UANG SAKU ANAK SMP
Oleh: Safir Senduk

Dikutip dari Tabloid NOVA No. 863/XVI

Pak Safir yang terhormat,
Sekitar dua bulan lalu anak saya mulai masuk sekolah. Dia kelas 2 SMP. Setiap minggu, saya memberikan uang saku sekitar Rp 75 ribu. Tanya dong, berapa sih sebaiknya uang saku ideal yang harus saya kasih untuknya? Untuk ongkos tranport pulang pergi dan jajan di kantin tiap hari sekitar Rp 9 ribu sampai Rp 13 ribu. Menurut bapak, uang saku Rp 75 ribu seminggu itu sudah cukup belum sih?

Saya tunggu jawabannya.

S - Ciputat


Jawab:

Halo Ibu S,
Anda tinggal di Ciputat ya? Saya waktu kecil juga sempat tinggal di sana lho. Lumayan lama sih, 15 tahun lalu. Wah, itu mah lama sekali ya Buu...

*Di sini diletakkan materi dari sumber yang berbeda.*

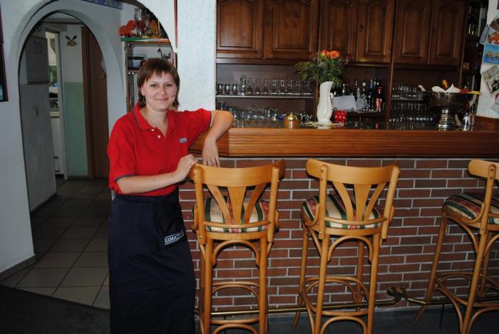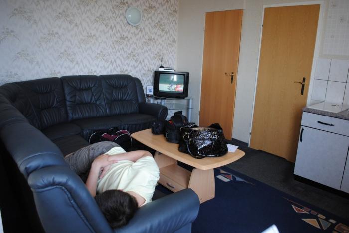 Гостиница выглядела прекрасно, как выяснилось – изнутри она выглядит еще лучше. Ищем вход: смотрим дверь и написано «ресторан». Подходим к барной стойке и видим милую девушку немку. «Гудентак!» — говорю. «Где вход в отель?» — прибавляю на английском. Девушка отвечает, что, мол, здесь вход. Протягиваю распечатку брони с букинга. Немка, увидев мою фамилию, и наши физиономии, тут же сказала: «Шпрехин русиш?». Я радостно отвечаю, что да, и беседа продолжилась на чистом русском языке. Оказалось, что наша немка, сама родом с Украины. Какое счастье услышать на чужбине родную речь! Мы оплатили 51 евро за номер наличными и нам дали ключ. Идем в сторону номера, я верчу ключ в руках: толи это «6» толи это «9», а спросить забыл на радостях. Вижу еще одну сотрудницу отеля, на этот раз, коренную немку, и спрашиваю, какой номер? Она отвечает: «Зэкс!», после чего мы открыли шестой номер и расположились там. Номер этот по площади был с нашу московскую квартиру. Прихожая с телевизором и диваном, спальня, мини-кухня с мойкой и холодильником, просторный санузел.

O ya, pertanyaan Anda sebetulnya mewakili banyak pertanyaan dari para pembaca lain yang mungkin juga kebingungan dalam memberikan uang saku yang tepat untuk putra-putrinya. Untuk topik uang saku, saya hanya bisa bilang bahwa tidak ada jumlah uang saku yang disebut ideal, karena bisa saja kita sama-sama punya anak yang kelas 1 SMP, tapi karena situasi dan kondisi berbeda, jumlah uang saku yang kita berikan juga akan berbeda. Karena itu, menjawab pertanyaan Anda tentang berapa jumlah uang saku yang ideal, saya punya satu petunjuk sederhana: Jumlah uang saku bisa disebut ideal bila anak Anda bisa memenuhi seluruh kebutuhan-kebutuhan dasarnya dengan uang tersebut.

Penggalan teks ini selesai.